**RECORDS FOR PROCESSING**
++++++++++
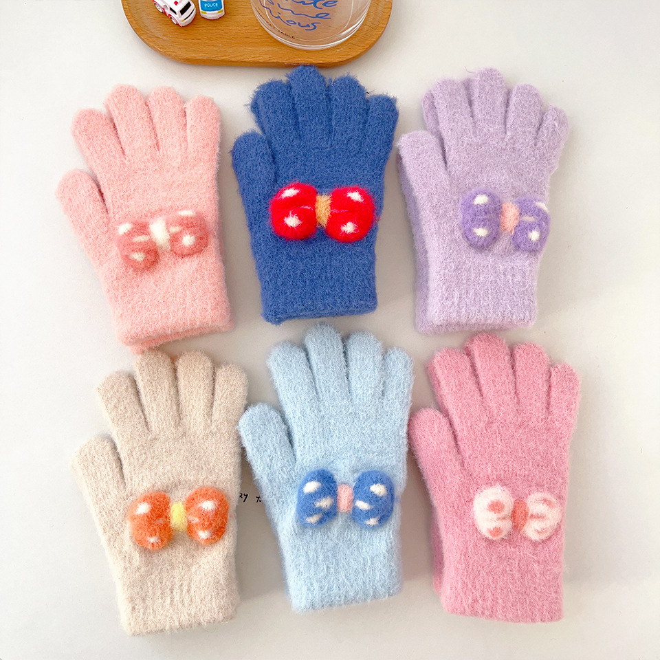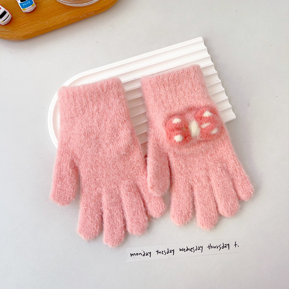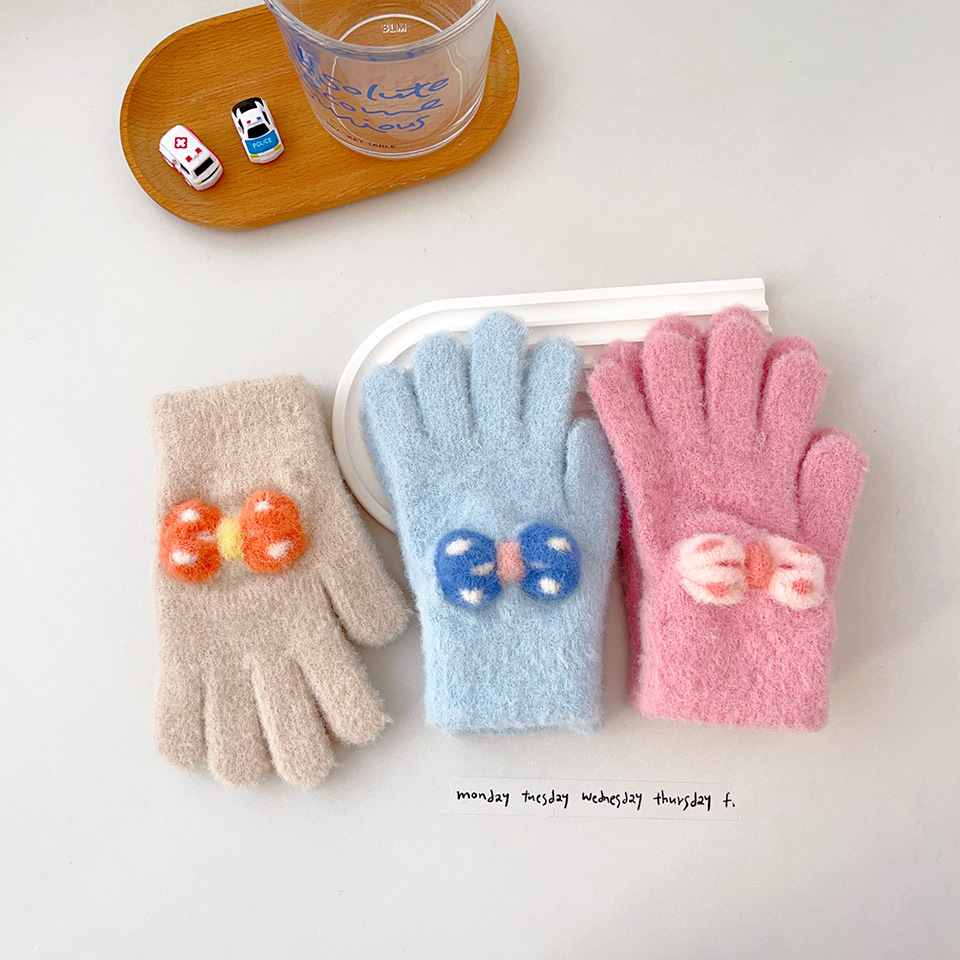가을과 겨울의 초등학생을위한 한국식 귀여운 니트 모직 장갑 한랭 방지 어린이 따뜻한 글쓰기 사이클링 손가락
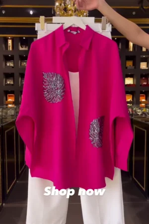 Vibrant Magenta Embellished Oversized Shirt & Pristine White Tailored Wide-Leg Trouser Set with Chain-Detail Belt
++++++++++
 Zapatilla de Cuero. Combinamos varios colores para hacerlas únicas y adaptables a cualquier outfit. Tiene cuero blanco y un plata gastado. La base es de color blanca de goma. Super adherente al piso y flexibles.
++++++++++
**EXERCISE DESCRIPTION**
Repeat exactly the lines above, from the line that contains "가을과 겨울의 초등학생을위한" down through the line that contains "Vibrant Magenta Embellished". Include both of those lines and none of the pictures.

**SOLVED PROBLEM**
가을과 겨울의 초등학생을위한 한국식 귀여운 니트 모직 장갑 한랭 방지 어린이 따뜻한 글쓰기 사이클링 손가락
 Vibrant Magenta Embellished Oversized Shirt & Pristine White Tailored Wide-Leg Trouser Set with Chain-Detail Belt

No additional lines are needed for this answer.